Largest canopy on a living tree
Who
Thimmamma Marrimanu, Indian banyan, Ficus benghalensis
Where
India (Anantapur)
When
2020

Throughout the tropical world, many species of fig (Ficus) behave as banyans. Banyans spread by sending down cord-like appendages from horizontal branches that root when they touch the ground and become trunks. The trunks are quite strong and can support a portion of the canopy. Old trees can have hundreds or even thousands of these support trunks and their combined crowns can cover a hectare or more. The species that by far covers the greatest area is the Indian banyan (Ficus benghalensis), the national tree of India and often associated with shrines. Currently, India has six banyans that occupy one hectare or more. The largest is Thimmamma Marrimanu, located in Anantapur, Andhra Pradesh. Legend has it that a woman named Thimmamma threw herself on the funeral pyre of her dead husband in 1434 and one of the pyre poles spouted to become a young tree. Thimmamma Marrimanu’s combined crowns merge to occupy 2.19 hectares (5.41 acres), an area equivalent to three soccer fields. The roughly elliptical canopy spans approximately 190 m long by 145 m wide (623 x 476 ft) and is supported by nearly 4,000 prop roots.

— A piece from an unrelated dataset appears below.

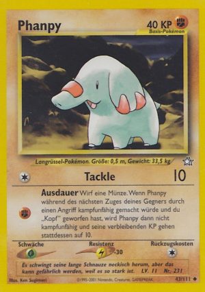 | Alle Karten | Sehen Sie alle Phanpy-Pokémonkarten in einer Übersicht. |
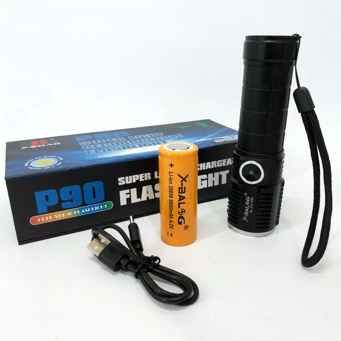 В комплект входят: фонарик X-BALOG BL-X31-P90 L-091, литий-ионная батарея 26650, кабель USB, адаптер для батареек типа ААА, ручной шнурок, коробка.

Arguably the most famous banyan tree, albeit slightly smaller than Thimmamma Marrimanu, is The Great Banyan, located in the Indian Botanical Garden of Kolkata, West Bengal, with >3,000 supporting trunks. The combined crowns occupy 1.65 hectares (4 acres), forming a roughly circular canopy 145 m (476 ft) in diameter. While not nearly as old as some of the other giant banyans, this one is at least 250 years old, and retained its original stem until 1925. The tallest portion of the entire plant is only 24.5 m (80 ft).

It's worth noting that there are even larger clonal trees, such as quaking aspen (Populus tremuloides), which are technically a single organism, but the canopy cannot be compared with banyan trees as it is more like a forest with lots of gaps between the trees. The largest known individual clone, named Pando, grows in the Wasatch Mountains of Utah, USA, and has a single root system that covers 43.6 hectares (107.7 acres) and contains 47,000 individual stems. With an estimated total weight of 6,000 tonnes (6,614 US tons), it is deemed the world’s heaviest organism. Age is debated, but some dendrologists put it at 14,000 years or more, which would also make it the world’s oldest living organism.